Work to be completed:
Please write out exactly the lines of the data below from the line holding "Um nerd bonito, ou" through the line holding "館内には、現代リアリズムの巨", and leave out the rest.
*** Opening Record excerpts ***
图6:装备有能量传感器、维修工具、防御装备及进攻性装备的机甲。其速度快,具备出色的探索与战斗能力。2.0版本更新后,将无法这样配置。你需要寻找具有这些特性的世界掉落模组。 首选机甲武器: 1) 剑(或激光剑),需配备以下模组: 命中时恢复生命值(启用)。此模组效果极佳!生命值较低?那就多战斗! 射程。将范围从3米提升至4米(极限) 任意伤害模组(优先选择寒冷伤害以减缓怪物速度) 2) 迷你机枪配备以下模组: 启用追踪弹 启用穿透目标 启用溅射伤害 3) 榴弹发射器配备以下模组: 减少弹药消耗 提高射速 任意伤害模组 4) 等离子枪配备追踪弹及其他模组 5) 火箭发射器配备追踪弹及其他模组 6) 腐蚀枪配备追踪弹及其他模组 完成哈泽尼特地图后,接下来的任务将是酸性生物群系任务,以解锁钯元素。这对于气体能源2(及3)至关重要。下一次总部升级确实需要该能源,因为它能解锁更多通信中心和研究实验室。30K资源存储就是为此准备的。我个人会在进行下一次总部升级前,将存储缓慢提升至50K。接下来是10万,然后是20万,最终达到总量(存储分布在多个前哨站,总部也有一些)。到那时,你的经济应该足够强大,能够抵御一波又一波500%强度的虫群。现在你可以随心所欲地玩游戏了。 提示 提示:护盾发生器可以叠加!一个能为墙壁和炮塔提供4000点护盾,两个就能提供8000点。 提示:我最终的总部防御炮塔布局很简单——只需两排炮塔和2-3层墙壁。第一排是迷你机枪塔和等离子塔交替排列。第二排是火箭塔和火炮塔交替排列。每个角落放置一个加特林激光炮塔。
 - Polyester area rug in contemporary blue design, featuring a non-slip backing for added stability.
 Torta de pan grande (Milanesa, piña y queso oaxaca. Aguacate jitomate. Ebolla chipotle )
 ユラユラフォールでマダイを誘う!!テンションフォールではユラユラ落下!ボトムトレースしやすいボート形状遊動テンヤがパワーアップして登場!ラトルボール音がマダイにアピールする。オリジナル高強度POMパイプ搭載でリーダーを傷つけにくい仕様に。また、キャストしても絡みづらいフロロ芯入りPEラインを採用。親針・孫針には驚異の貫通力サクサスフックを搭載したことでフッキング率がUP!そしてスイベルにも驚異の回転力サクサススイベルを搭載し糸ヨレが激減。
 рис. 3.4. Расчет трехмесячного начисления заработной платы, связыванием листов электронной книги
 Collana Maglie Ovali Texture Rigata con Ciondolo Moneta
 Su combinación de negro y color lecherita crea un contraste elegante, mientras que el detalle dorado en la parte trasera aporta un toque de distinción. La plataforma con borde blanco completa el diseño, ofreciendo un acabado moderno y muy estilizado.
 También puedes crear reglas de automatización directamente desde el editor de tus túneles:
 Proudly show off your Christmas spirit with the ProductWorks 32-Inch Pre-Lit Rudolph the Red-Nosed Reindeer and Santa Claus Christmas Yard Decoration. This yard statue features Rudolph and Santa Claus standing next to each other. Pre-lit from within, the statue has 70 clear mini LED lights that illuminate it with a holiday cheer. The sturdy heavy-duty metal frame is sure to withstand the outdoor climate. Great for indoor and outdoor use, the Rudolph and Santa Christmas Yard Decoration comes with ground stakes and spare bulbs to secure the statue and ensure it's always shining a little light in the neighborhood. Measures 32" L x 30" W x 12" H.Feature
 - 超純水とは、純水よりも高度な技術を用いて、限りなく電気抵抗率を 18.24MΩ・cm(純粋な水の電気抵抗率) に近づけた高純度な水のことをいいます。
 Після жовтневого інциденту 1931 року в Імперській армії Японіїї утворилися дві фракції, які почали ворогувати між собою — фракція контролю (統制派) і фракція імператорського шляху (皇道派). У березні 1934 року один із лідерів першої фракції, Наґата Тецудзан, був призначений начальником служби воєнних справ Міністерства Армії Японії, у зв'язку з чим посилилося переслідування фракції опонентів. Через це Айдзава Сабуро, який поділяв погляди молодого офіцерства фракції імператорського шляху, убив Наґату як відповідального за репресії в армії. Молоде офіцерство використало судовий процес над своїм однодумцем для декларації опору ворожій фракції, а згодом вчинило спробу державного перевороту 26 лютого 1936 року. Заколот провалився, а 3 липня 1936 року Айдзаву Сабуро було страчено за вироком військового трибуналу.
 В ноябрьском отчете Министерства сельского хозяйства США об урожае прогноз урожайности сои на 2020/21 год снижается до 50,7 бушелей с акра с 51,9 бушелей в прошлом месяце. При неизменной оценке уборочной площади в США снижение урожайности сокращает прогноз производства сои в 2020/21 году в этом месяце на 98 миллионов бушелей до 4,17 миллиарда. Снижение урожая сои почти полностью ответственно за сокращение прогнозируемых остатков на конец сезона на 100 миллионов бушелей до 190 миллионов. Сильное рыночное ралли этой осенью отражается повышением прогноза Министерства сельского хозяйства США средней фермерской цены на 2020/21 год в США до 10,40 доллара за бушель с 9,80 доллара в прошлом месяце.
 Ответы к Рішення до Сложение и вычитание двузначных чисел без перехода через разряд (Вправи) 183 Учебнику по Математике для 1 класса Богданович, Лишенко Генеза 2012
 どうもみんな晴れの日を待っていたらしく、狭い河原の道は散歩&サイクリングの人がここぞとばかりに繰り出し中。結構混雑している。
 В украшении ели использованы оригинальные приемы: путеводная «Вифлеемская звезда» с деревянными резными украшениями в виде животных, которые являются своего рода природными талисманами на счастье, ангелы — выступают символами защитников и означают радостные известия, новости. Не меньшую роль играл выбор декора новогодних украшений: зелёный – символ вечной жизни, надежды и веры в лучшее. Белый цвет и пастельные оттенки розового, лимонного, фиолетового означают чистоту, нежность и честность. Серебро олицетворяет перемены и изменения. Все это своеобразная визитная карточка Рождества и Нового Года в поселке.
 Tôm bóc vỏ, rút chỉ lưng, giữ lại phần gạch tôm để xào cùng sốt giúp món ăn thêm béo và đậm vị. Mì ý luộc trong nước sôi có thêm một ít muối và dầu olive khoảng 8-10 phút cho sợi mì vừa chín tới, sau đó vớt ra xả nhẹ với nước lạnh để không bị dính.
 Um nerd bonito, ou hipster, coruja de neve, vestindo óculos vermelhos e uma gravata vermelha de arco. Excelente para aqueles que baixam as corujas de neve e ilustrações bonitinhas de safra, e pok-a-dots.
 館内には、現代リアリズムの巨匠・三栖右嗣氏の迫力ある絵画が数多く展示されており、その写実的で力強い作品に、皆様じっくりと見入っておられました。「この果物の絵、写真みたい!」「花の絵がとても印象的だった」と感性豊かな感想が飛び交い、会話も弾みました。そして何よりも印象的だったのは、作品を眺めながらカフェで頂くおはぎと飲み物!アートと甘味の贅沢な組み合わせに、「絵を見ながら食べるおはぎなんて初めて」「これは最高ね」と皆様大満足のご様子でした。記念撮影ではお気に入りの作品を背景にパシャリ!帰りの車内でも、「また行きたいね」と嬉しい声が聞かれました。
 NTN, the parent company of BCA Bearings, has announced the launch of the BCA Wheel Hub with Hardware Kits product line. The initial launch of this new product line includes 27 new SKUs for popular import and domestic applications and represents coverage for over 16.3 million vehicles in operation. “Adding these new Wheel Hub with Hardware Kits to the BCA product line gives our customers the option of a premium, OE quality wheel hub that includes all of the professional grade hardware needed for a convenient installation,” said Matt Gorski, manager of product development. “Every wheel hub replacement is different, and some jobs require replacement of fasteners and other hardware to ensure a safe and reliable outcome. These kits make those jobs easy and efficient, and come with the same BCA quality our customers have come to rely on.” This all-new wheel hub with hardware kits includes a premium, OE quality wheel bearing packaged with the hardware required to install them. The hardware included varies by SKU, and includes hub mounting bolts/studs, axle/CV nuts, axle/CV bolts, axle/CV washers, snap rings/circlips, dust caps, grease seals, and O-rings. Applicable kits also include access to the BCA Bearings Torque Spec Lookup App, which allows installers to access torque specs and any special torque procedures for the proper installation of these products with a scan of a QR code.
*** Closing Record excerpts ***
Written solution:
 Um nerd bonito, ou hipster, coruja de neve, vestindo óculos vermelhos e uma gravata vermelha de arco. Excelente para aqueles que baixam as corujas de neve e ilustrações bonitinhas de safra, e pok-a-dots.
 館内には、現代リアリズムの巨匠・三栖右嗣氏の迫力ある絵画が数多く展示されており、その写実的で力強い作品に、皆様じっくりと見入っておられました。「この果物の絵、写真みたい!」「花の絵がとても印象的だった」と感性豊かな感想が飛び交い、会話も弾みました。そして何よりも印象的だったのは、作品を眺めながらカフェで頂くおはぎと飲み物!アートと甘味の贅沢な組み合わせに、「絵を見ながら食べるおはぎなんて初めて」「これは最高ね」と皆様大満足のご様子でした。記念撮影ではお気に入りの作品を背景にパシャリ!帰りの車内でも、「また行きたいね」と嬉しい声が聞かれました。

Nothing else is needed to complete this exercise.